In fact, there wasn’t any doing it at all. And the harder I tried, the harder I tried.
I discovered that there was a huge amount of resistance to letting go. Deep down, I was convinced that, lousy as things were, they were sure to get far worse if I stopped holding up the walls.
I see this in my clients all the time, too.
The funny thing is that despite abundant evidence to the contrary (and we need only take a look at the weather, or our children, or the news, or the garden to see that we are not running this thing), we go about living our lives as though we had control.
This misconception gives birth to all manner of life-shrinking attitudes and behaviors. Addiction, eating disorders, disconnection in relationships, sexual dysfunction, spiritual and physical dis-ease.
Being at the mercy of a mind that seeks control (this is the ego’s job and it does it well), is a very small and tight way to live.
Obeying the mind is like going on a comfort and security scavenger hunt, insanity style. “Go over here! You will feel great!” “Nope!
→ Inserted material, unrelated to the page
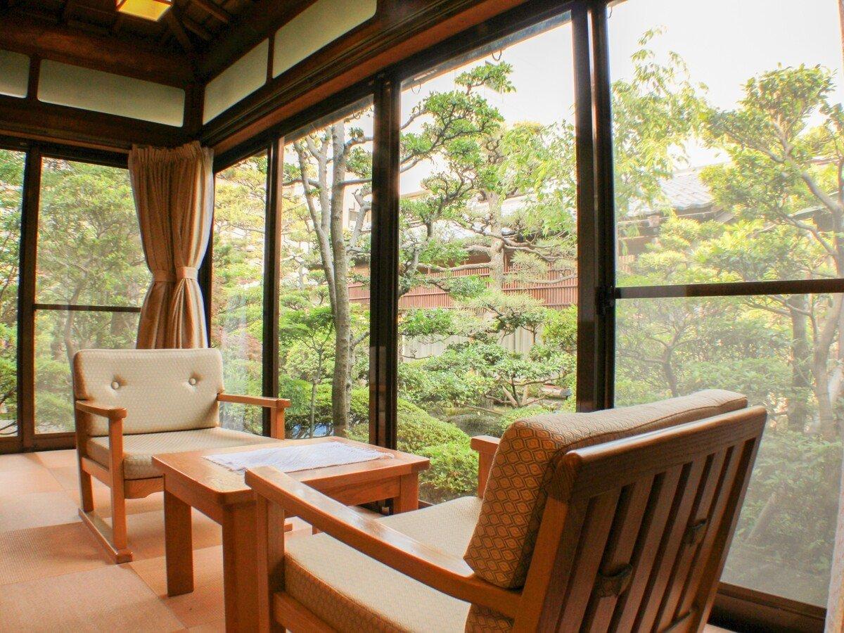 【松風庵:準特別室 朝陽】縁側から四季折々の表情を見せる庭園...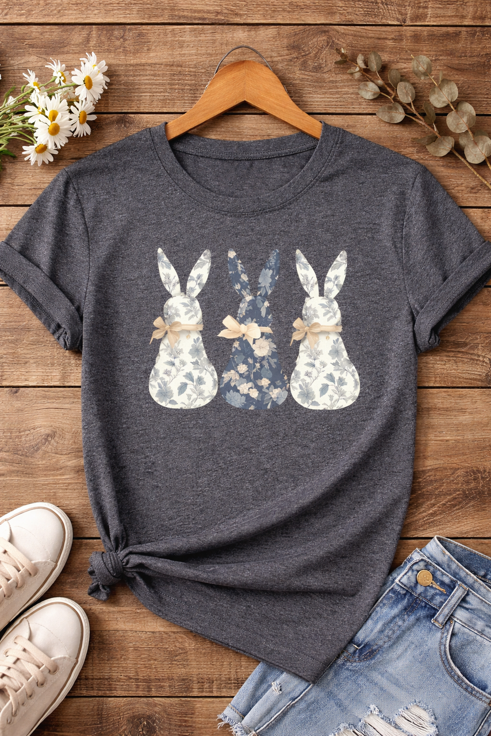 The front design showcases three bunny silhouettes centered across the chest. Each bunny has a vintage floral pattern—two in soft white and gray tones on the sides and one in a muted navy blue in the middle. All three bunnies are accented with delicate beige bows, adding a sweet, rustic touch.

It’s this! It’s actually this that that you need!” “Whoa. Check this out!” And all along there’s another voice: “Well, that was dumb. Who do you think you are?” “You need to buckle down and get your shit together.”
The ego mind vacillates between delusions of grandeur or radio KFKD, as Ann Lamott calls it, 24/7.
In spite of this being a painful way to live, letting go usually requires getting bombarded by what Chogyam Trungpa Rinpoche calls “coconuts of wakefulness” that shake us out of the ego’s trance of tight control.
This can take myriad forms but it’s usually some challenge that rips the blinders from our eyes, revealing the truth about control. Illness, hitting bottom, death of someone we cannot stand to loose, loss of relationship.
To name a few.
When the coconuts hit, we always have a choice. We can move toward waking up and letting go or we can move in the opposite direction. In fact, every choice we make moves us in one direction or the other.
In spite of learning this, the practice of letting go did not (does not) come naturally to me.
I wanted to first figure out who or what exactly I was surrendering to and then get some guarantees that it was going to work out well if I let go.
This is laughable, given that I’d been entirely obedient to my own thinking and things were not working out so well.
Therefore, so long as it wasn’t my own wild cat mind that I was turning my life and will over to, things were likely to improve.
I started to develop a relationship, not so much with a higher power, as with a wider one; one that encompasses all of us humans and our basic goodness as well as all the other energies at play in the world. One that connects me back to my own heart, as well as to the goodness and mess in my fellow travelers. A power that included it all.
Life, I guess you could call it. Or God. Or Love. Or Whatever. Names and language fall short here; I don’t think it much matters what you call it.
And folks, I am here to tell you that it is an infinitely sweeter and easier path. All that energy I put into resisting, struggling, figuring out, and making things happen gets freed up when I surrender my way for Life’s way.
I have seen time and again that something better comes along when I release my attachment to a particular outcome. And though I forget very quickly, each time I see this, it strengthens my faith in the basic goodness of Life.
Real generosity, creativity, connection, receptivity, inspiration, openness, curiosity: these depend on letting go.
And all this stuff shows up, wanting to be born. This blog, for example.
Life becomes exciting and I stop being so damn predictable. There is nothing more tedious that living from that tight coil of control.
In the end, it seems that my work is to set up the conditions for surrender. It’s a process of grace, not force.
And meanwhile, as a friend told me early on, when I can’t let go, I can always let up. I can relax, even with my uptightness and clinging. I can choose to stay awake.